As discussed earlier, the error() interface contains only the single Error() method, but we need access to other methods of the error interface to handle an error property. For example, anyone can have many custom implementations of the error interface which are temporary and can be removed. It is denoted by the Temporary() method.
 

Interfaces provide a narrow view into the wider set of methods provided by types, so we must use a type assertion to change the methods that view is displaying, or to remove it entirely.

Interfaces provide a smaller view of all the methods provided by types. Hence, type assertion must be used to change the methods that view is displaying or to remove it entirely.

Example:

package main


import (
"errors"
"fmt"
"net/http"
"os"
)


type RequestError struct {
StatusCode int


Err error
}


func (r *RequestError) Error() string {
return r.Err.Error()
}


func (r *RequestError) Temporary() bool {
return r.StatusCode == http.StatusServiceUnavailable // 503
}


func doRequest() error {
return &RequestError{
StatusCode: 503,
Err:        errors.New("unavailable"),
}
}


func main() {
err := doRequest()
if err != nil {
fmt.Println(err)
re, ok := err.(*RequestError)
if ok {
if re.Temporary() {
fmt.Println("This request can be tried again")
} else {
fmt.Println("This request cannot be tried again")
}
}
os.Exit(1)
}


fmt.Println("success!")
}

Output:

unavailable
This request can be tried again
exit status 1

Explanation:

In the main function, we are calling the doRequest() function, which is returning the error interface to us, and then we are printing the error message we got from the Error() method. After this we are trying to expose all the methods by using the type assertion re, ok := err.(*RequestError). If the type assertion is successful, then we use the Temporary() method to check if the current error is a temporary error or not. The StatusCode set by the doRequest() method is 503, which is equivalent to http.StatusServiceUnavailable. Hence, it returns true and prints “This request can be tried again”.

Wrapping Errors

We can Wrap the errors with extra information at the starting of the error message to make it easier for debugging by providing some important context.

WrappedError is a struct with the following two fields:-

  1. String: A context message.
  2. error: It is the more information that it is providing.

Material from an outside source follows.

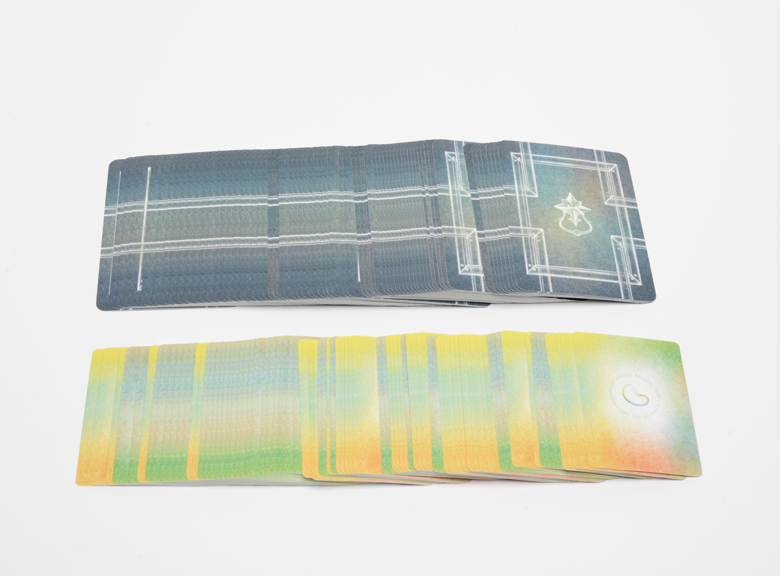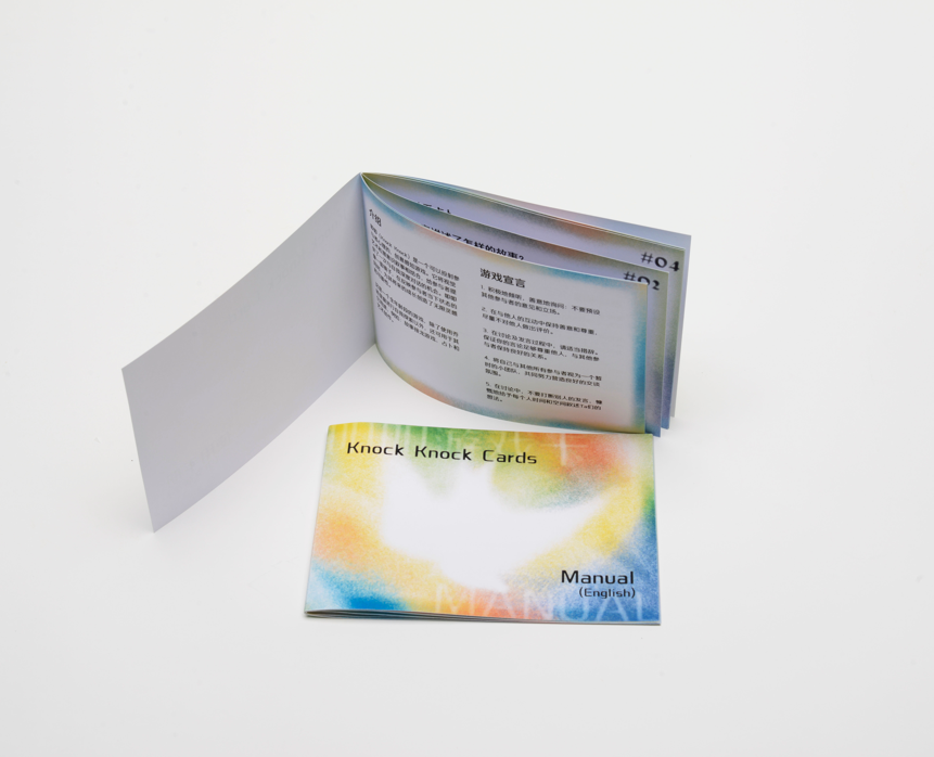 “叩叩卡“ 是由78张原创图卡、78张双语字卡、中文说明书与英文说明书组成的一份工作坊交互道具。说明书内含4种创意游戏与5种互动游戏。作为自我反思的工具: 本游戏以乔哈里窗和艺术疗法练习等成熟的心理学工具为支撑。

Whenever the Error() method is called, we use fmt.Sprint() function to print the context message and then the error.

Example:

package main


import (
"errors"
"fmt"
)


type WrappedError struct {
Context string
Err     error
}


func (w *WrappedError) Error() string {
return fmt.Sprintf("%s: %v", w.Context, w.Err)
}


func Wrap(err error, info string) *WrappedError {
return &WrappedError{
Context: info,
Err:     err,
}
}


func main() {
err := errors.New("boom!")
err = Wrap(err, "main")


fmt.Println(err)
}

Output:

main: boom!

 

Explanation:

We are creating an error using the errors.New function in the main() function. Then we are wrapping that error using the Wrap() function defined by us. This indicates that the error was generated in the main() function.

FAQs:

  1. What is a Custom Error?
    Ans: A file is a space in the memory where we can store the data. A file can be a text file or a binary file.
  2. Why are errors.New and fmt.Errorf not sufficient and how can we tackle the problem with them?
    Ans: These two methods are not sufficient to capture or report what exactly happened in the program. To tackle this and get more functionalities we can implement the standard library interface, error.

Key Takeaways: 

In this article, we have extensively discussed the following things:

  1. We first discussed what are Custom Errors in GOlang.
  2. Then we discussed various ways to generate custom errors in GOlang.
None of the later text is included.